Input records

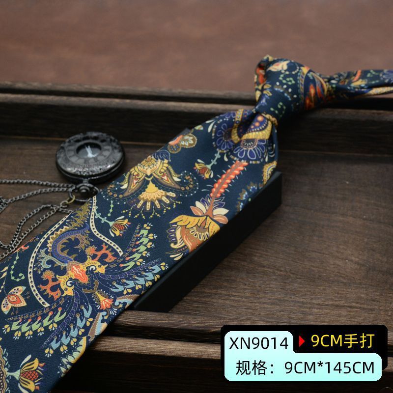 넥타이 남자 원피스 사업 한국 스타일 영국 신사 빈티지 인쇄 유럽과 미국 스타일 9CM 손 넥타이 작업 착용
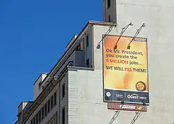 Zuma's administration pursued a number of structural economic policy reforms, but these have been characterised as "investor-unfriendly"[7] and most met significant opposition. For example, the Private Security Industry Regulation Amendment Bill, introduced by Zuma's government in 2012, would require local private security companies to be majority-owned by South Africans, in violation of the World Trade Organisation General Agreement on Trade in Services. It also afforded the Minister of Police the power to expropriate fully foreign-owned security companies in the national interest.[7][59] The Democratic Alliance Party, Zuma's opposition, vocally opposed the bill.[60] Others said that it would have negative economic effects,[59][61][62] especially since the European Union and United States, some of whose citizens have substantial stakes in the South African private security market, had raised objections to it, threatening to respond with sanctions and not to renew South Africa's membership of the African Growth and Opportunity Act.[7][60] The bill passed in 2014 but never received assent from Zuma, who said that he was considering the objections.[60] It was signed into law in October 2021 by Zuma's successor, President Ramaphosa.[63][64]
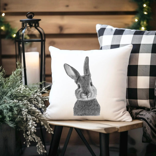 Faux Suede Bunny Cushion – Hand-Drawn Countryside Animal Home Décor Gift
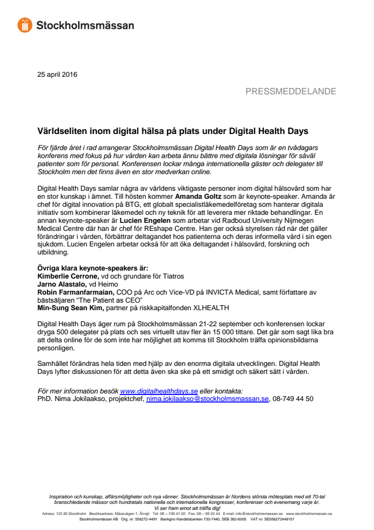 För mer information besök www.digitalhealthdays.se eller kontakta:
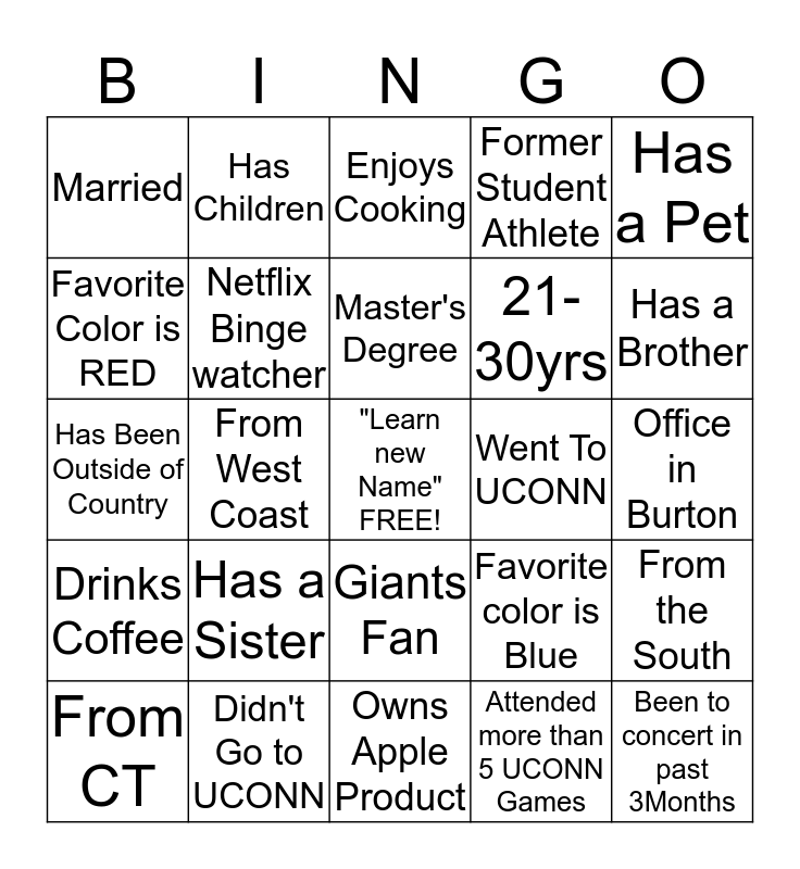 This bingo card has a free space and 24 words: From CT, Has a Sister, Master's Degree, Attended more than 5 UCONN Games, Has a Pet, Married, Has Children, Enjoys Cooking, Went To UCONN, Office in Burton, Has Been Outside of Country, Netflix Binge watcher, Favorite color is Blue, From the South, Favorite Color is RED, Didn't Go to UCONN, Owns Apple Product, Former Student Athlete, Has a Brother, Drinks Coffee, From West Coast, Giants Fan, 21-30yrs and Been to concert in past 3Months.
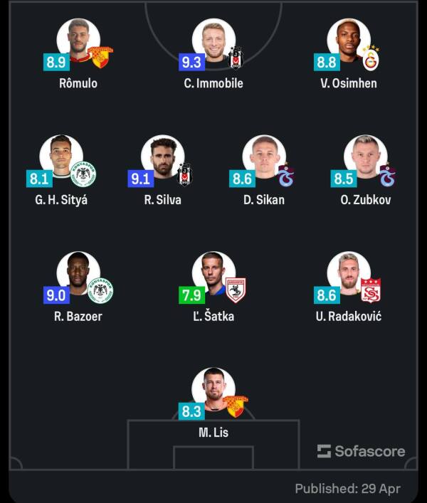 Українські легіонери турецького "Трабзонспора" Олександр Зубков та Данило Сікан за підсумками 33-го туру турецької Суперліги та потрапили до символічної збірної туру за версією авторитетного статистичного порталу Sofascore.
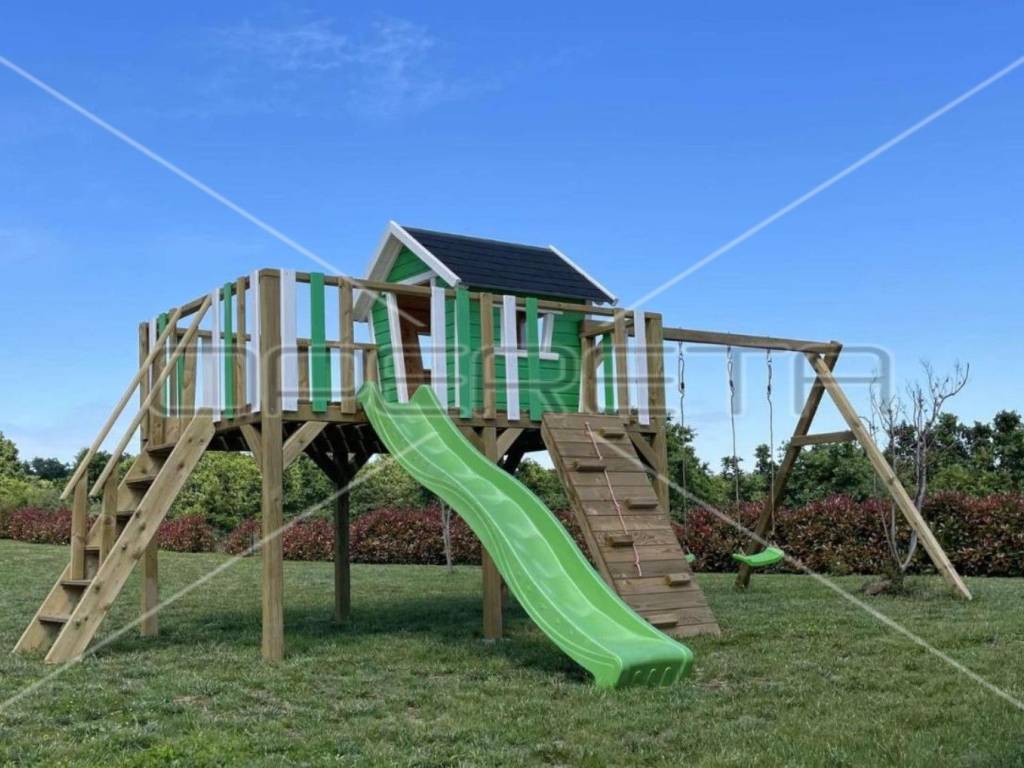 Der äußere Teil besteht außerdem aus eingezäunten Parkplätzen (4-5), einem Kinderspielplatz und einem zusätzlichen kleinen Gebäude als Lager.

Work request
The lines from the one containing "Faux Suede Bunny" to the end of the material must be output exactly, both ends included; no picture may appear.

Response to the exercise
 Faux Suede Bunny Cushion – Hand-Drawn Countryside Animal Home Décor Gift
 För mer information besök www.digitalhealthdays.se eller kontakta:
 This bingo card has a free space and 24 words: From CT, Has a Sister, Master's Degree, Attended more than 5 UCONN Games, Has a Pet, Married, Has Children, Enjoys Cooking, Went To UCONN, Office in Burton, Has Been Outside of Country, Netflix Binge watcher, Favorite color is Blue, From the South, Favorite Color is RED, Didn't Go to UCONN, Owns Apple Product, Former Student Athlete, Has a Brother, Drinks Coffee, From West Coast, Giants Fan, 21-30yrs and Been to concert in past 3Months.
 Українські легіонери турецького "Трабзонспора" Олександр Зубков та Данило Сікан за підсумками 33-го туру турецької Суперліги та потрапили до символічної збірної туру за версією авторитетного статистичного порталу Sofascore.
 Der äußere Teil besteht außerdem aus eingezäunten Parkplätzen (4-5), einem Kinderspielplatz und einem zusätzlichen kleinen Gebäude als Lager.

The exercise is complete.